Each row represents a bin grouping a certain number of samples. Treadlines for RF and DN models are plotted using linear regression.

[5]:
# Load in data on dataset classes and dimensions
X_data_list, y_data_list, dataset_name = load_cc18()

dimensions = np.zeros(576)
classes = np.zeros(576)
for i in range(len(X_data_list)):
    dimensions[i * 8 : i * 8 + 8] = X_data_list[i].shape[1]
    classes[i * 8 : i * 8 + 8] = len(np.unique(y_data_list[i]))

[6]:
# Set color palette
sns.set_context("talk")
fig, ax = plt.subplots(nrows=8, ncols=3, sharex=True, sharey=True, figsize=(24, 38))

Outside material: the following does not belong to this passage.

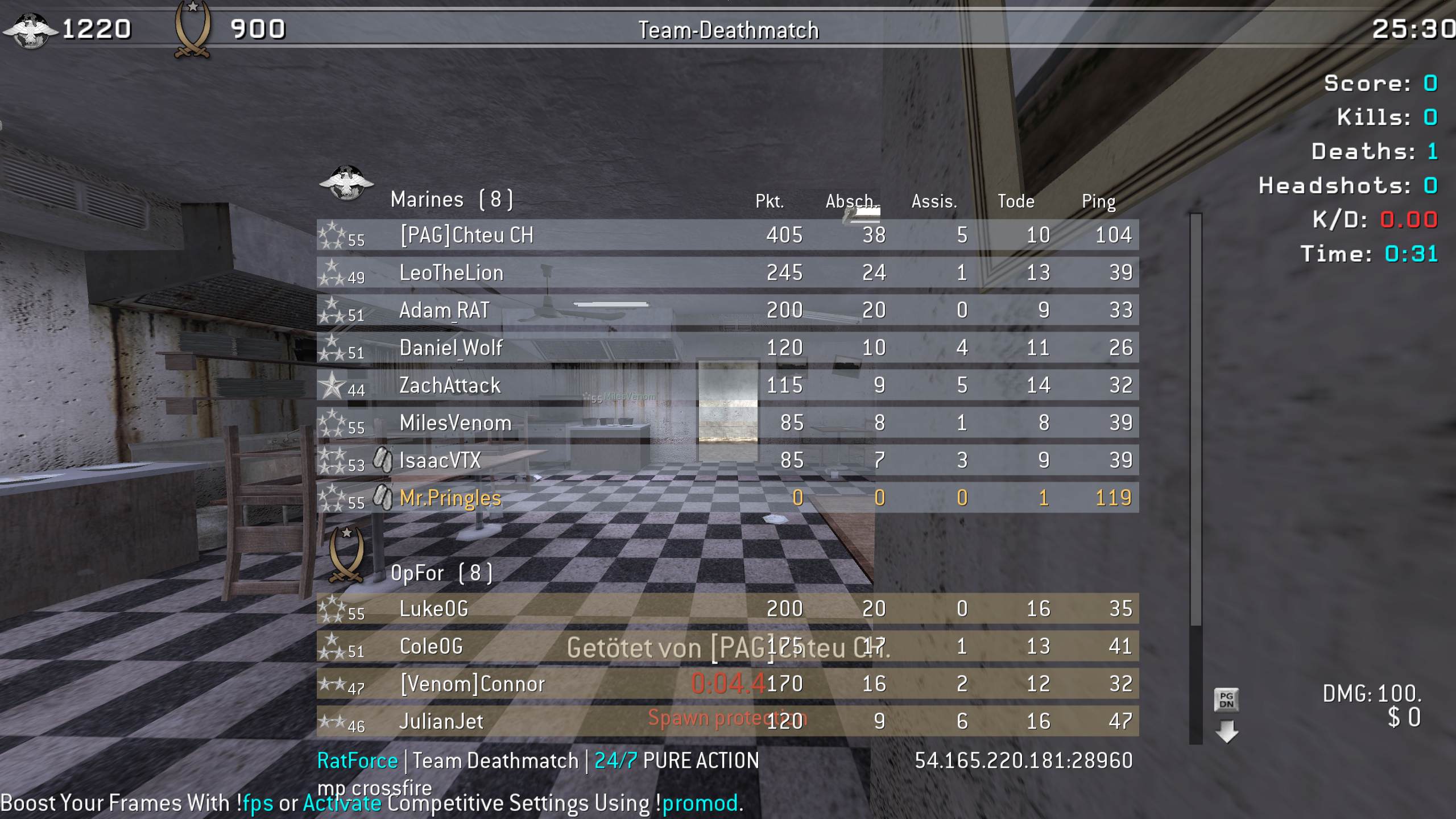 | Mr.Pringles | RatForce | Team Deathmatch | 24/7 PURE ACTION | 2026-03-14 22:26:49 | 6655 | Report | |

# Set bins to group sample sizes
baskets = [10, 23, 53, 123, 283, 652, 1504, 3469, 8001]

ordered_sample_sizes = full_dataset_all_sample_sizes.reshape(576)

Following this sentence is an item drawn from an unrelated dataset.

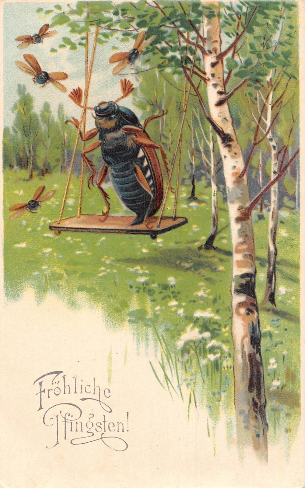 Pentecost Greetings Humanized Maybug on Swing Birch Tree postcard C317 This item is listed via xdm.it software
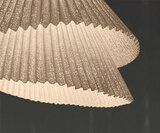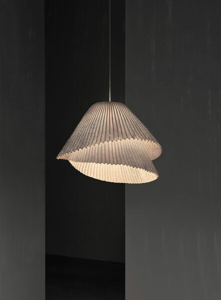 Tempo Andante is a pendant lamp from the collection with the same name designed by Arturo Álvarez. Made of painted stainless steel mesh, it is handmade in Spain. This material, crafted in fine pleats, forms two overlapped layers that create two different lamps full of dynamism. Andante and Vivace, two liveliness shapes born from one. The representation of two instants generated by the same movement at a different tempo.

# Average data across runs and index into arrays
scaled_rf_kappa = np.zeros((576, 2))
scaled_dn_kappa = np.zeros((576, 2))
scaled_rf_time_train = np.zeros((576, 2))
scaled_dn_time_train = np.zeros((576, 2))
scaled_rf_time_test = np.zeros((576, 2))
scaled_dn_time_test = np.zeros((576, 2))

for i, key in enumerate(ordered_sample_sizes):
    scaled_rf_kappa[i, :] = [key, np.mean(full_dataset_rf_scores_kappa[i])]
    scaled_dn_kappa[i, :] = [key, np.mean(full_dataset_dn_scores_kappa[i])]
    scaled_rf_time_train[i, :] = [key, np.mean(rf_times_train[i])]
    scaled_dn_time_train[i, :] = [key, np.mean(dn_times_train[i])]
    scaled_rf_time_test[i, :] = [key, np.mean(rf_times_test[i])]
    scaled_dn_time_test[i, :] = [key, np.mean(dn_times_test[i])]


# Generate figure
for plot in range(8):
    runs = np.where(
        (scaled_rf_kappa[:, 0] >= baskets[plot])
        & (scaled_rf_kappa[:, 0] < baskets[plot + 1])
    )
    rf = scaled_rf_kappa[runs][:, 1]
    dn = scaled_dn_kappa[runs][:, 1]
    rft_train = scaled_rf_time_train[runs][:, 1]
    dnt_train = scaled_dn_time_train[runs][:, 1]
    rft_test = scaled_rf_time_test[runs][:, 1]
    dnt_test = scaled_dn_time_test[runs][:, 1]
    dim = dimensions[runs]
    clas = classes[runs]

    # Subplot column 1
    ax = plt.subplot(8, 4, plot * 4 + 1)

    plt.scatter(dim, rf, c="r", alpha=0.5, label="RF")
    plt.scatter(dim, dn, c="b", alpha=0.5, label="DN")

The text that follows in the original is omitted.